● TASK MATERIAL:
== Segment start ==
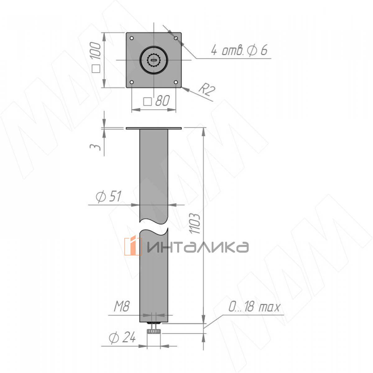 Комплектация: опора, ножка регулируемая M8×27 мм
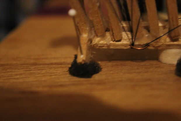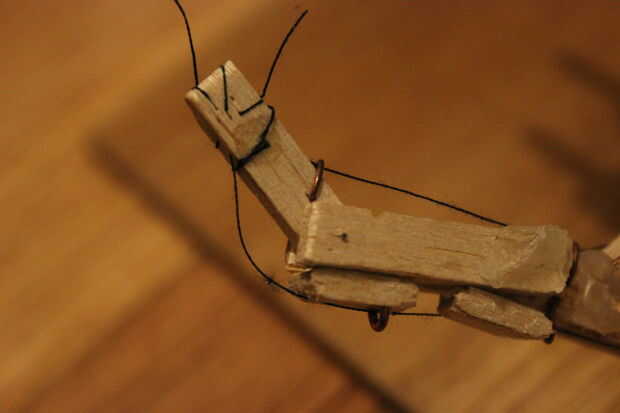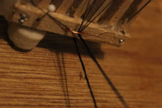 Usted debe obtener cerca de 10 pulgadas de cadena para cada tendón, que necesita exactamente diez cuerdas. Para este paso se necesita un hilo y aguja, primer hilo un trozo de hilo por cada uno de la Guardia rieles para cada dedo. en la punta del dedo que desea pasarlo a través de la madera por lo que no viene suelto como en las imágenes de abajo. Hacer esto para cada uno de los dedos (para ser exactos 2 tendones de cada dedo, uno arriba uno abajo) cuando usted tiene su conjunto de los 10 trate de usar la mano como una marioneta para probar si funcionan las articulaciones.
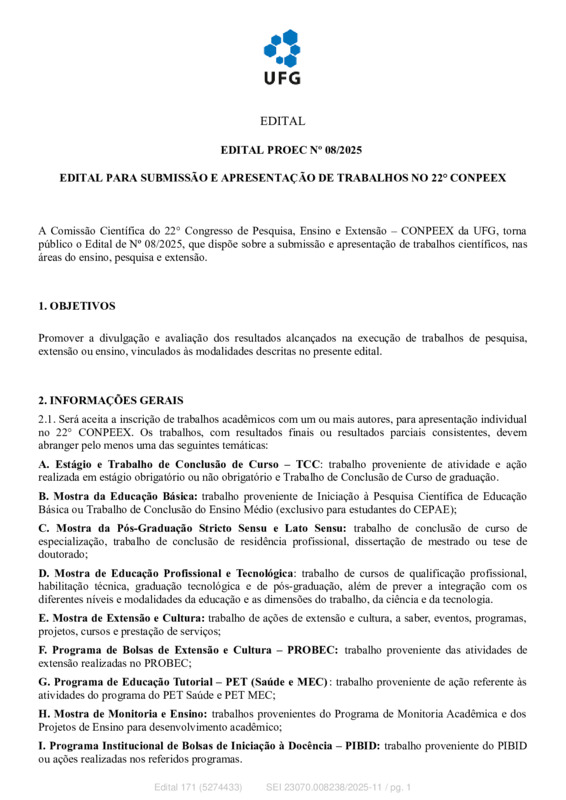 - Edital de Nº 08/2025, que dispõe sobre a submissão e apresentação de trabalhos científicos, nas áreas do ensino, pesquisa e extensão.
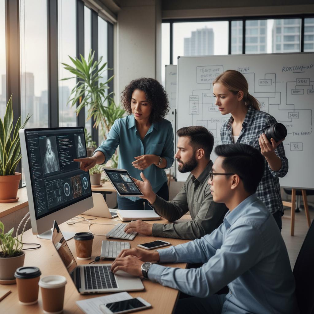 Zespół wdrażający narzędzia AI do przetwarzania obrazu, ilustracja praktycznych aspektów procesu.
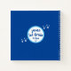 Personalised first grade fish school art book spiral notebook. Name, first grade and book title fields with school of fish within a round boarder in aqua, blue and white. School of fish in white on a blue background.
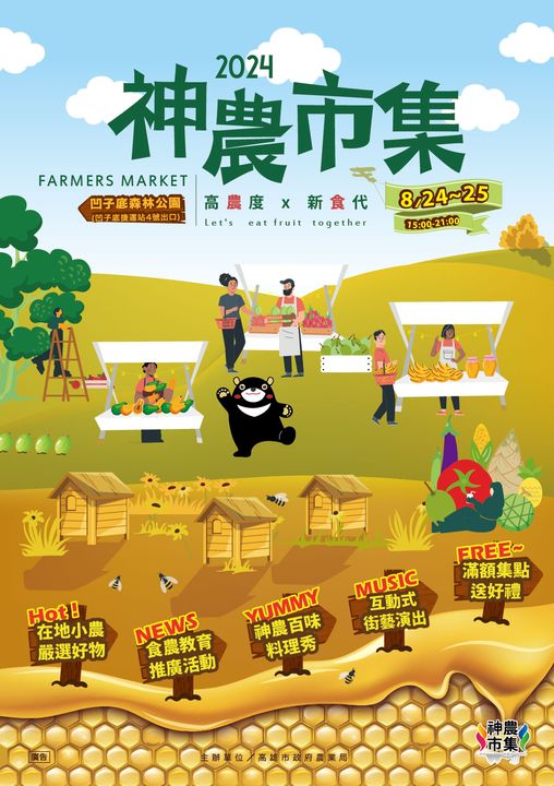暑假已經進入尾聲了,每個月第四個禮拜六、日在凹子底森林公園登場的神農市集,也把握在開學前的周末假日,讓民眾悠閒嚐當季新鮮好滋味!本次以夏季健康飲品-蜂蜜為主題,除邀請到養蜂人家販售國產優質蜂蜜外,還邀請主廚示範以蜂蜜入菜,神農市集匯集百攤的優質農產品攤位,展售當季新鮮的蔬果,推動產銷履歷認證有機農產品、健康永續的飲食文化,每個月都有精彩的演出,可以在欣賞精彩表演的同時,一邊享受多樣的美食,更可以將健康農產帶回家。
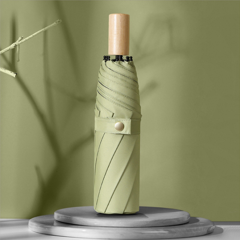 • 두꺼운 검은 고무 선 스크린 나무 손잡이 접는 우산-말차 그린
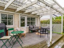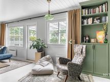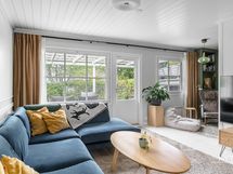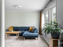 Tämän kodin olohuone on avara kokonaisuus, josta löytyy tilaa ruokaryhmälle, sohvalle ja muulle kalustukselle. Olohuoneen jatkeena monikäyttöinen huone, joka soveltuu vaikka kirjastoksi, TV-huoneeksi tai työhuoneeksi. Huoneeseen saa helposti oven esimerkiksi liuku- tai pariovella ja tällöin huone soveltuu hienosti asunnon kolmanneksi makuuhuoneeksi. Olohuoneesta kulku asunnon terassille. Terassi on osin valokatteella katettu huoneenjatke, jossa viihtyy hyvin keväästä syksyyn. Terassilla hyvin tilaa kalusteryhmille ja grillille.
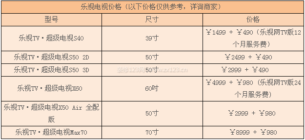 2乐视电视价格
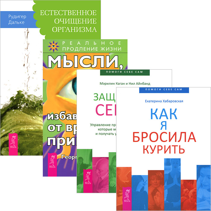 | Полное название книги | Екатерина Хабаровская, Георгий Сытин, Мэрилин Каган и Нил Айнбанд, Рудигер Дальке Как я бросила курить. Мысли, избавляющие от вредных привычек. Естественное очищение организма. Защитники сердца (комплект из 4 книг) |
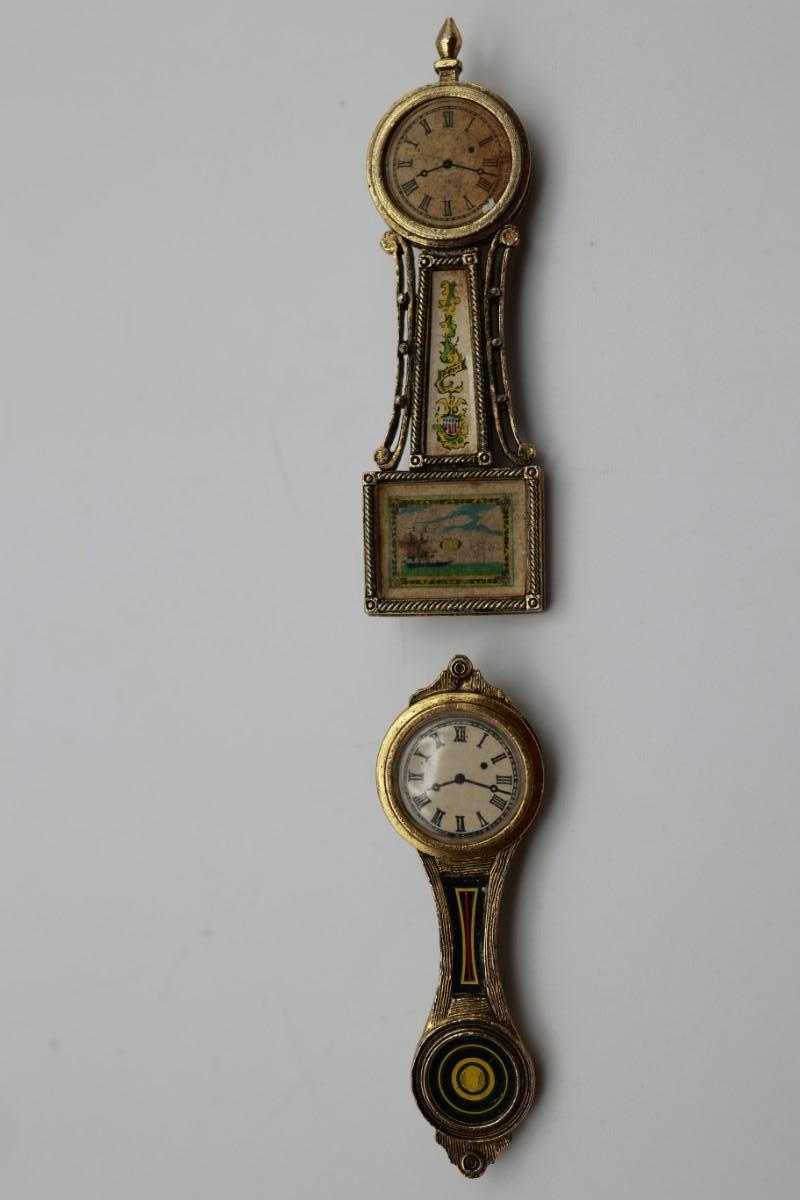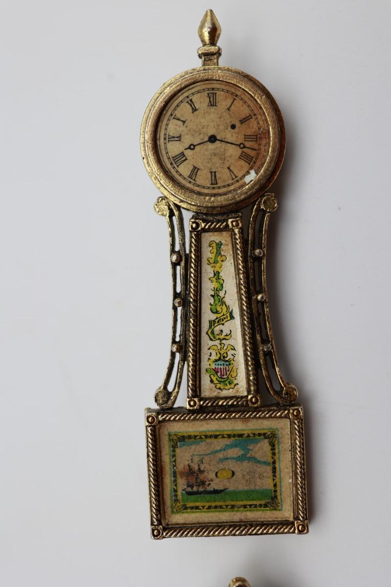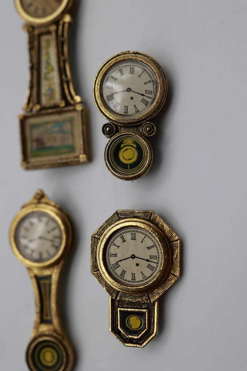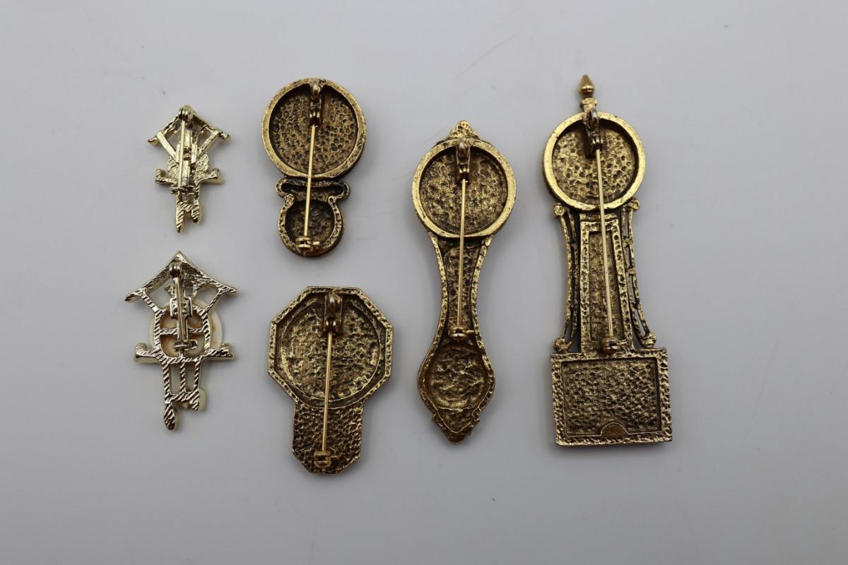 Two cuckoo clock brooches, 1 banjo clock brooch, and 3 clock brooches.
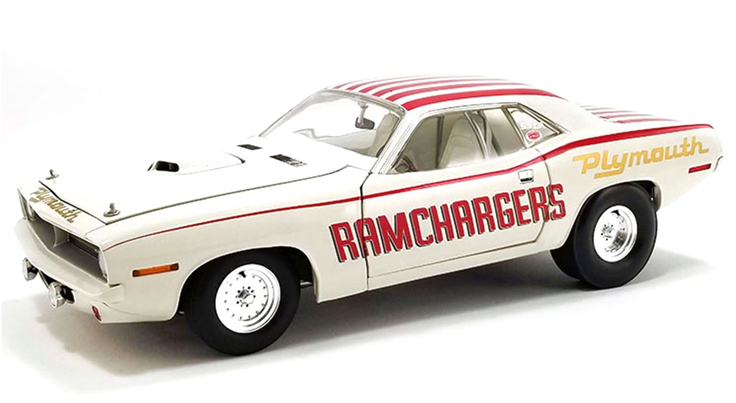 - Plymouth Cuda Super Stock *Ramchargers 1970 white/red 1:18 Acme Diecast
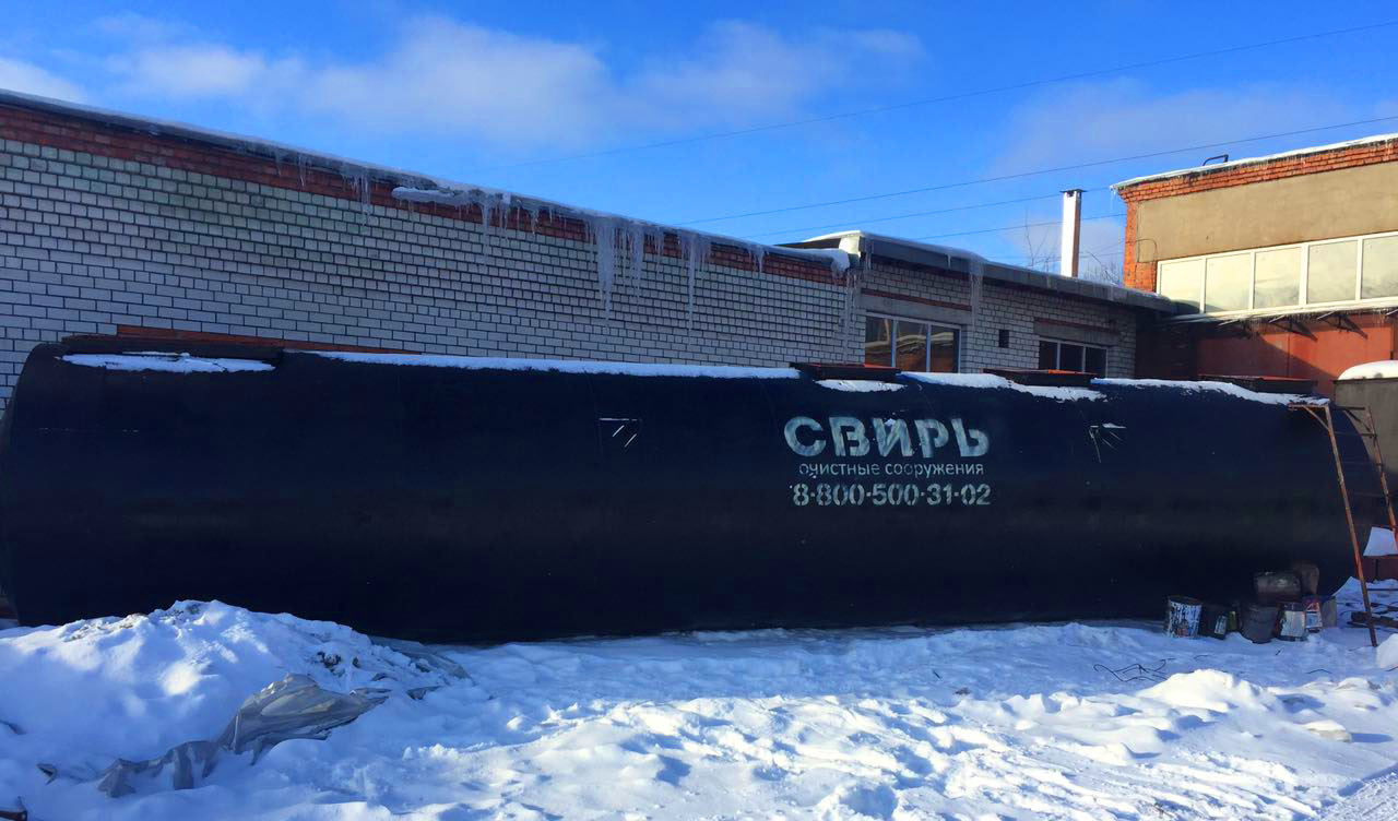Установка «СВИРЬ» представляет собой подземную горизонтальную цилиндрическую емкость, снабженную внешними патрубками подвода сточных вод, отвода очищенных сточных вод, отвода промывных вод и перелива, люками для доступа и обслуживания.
== Segment end ==
● YOUR INSTRUCTIONS: Restate the data word for word from its first line through the line with "Personalised first grade", leaving out any picture along the way.

● EXERCISE ANSWER:
 Комплектация: опора, ножка регулируемая M8×27 мм
 Usted debe obtener cerca de 10 pulgadas de cadena para cada tendón, que necesita exactamente diez cuerdas. Para este paso se necesita un hilo y aguja, primer hilo un trozo de hilo por cada uno de la Guardia rieles para cada dedo. en la punta del dedo que desea pasarlo a través de la madera por lo que no viene suelto como en las imágenes de abajo. Hacer esto para cada uno de los dedos (para ser exactos 2 tendones de cada dedo, uno arriba uno abajo) cuando usted tiene su conjunto de los 10 trate de usar la mano como una marioneta para probar si funcionan las articulaciones.
 - Edital de Nº 08/2025, que dispõe sobre a submissão e apresentação de trabalhos científicos, nas áreas do ensino, pesquisa e extensão.
 Zespół wdrażający narzędzia AI do przetwarzania obrazu, ilustracja praktycznych aspektów procesu.
 Personalised first grade fish school art book spiral notebook. Name, first grade and book title fields with school of fish within a round boarder in aqua, blue and white. School of fish in white on a blue background.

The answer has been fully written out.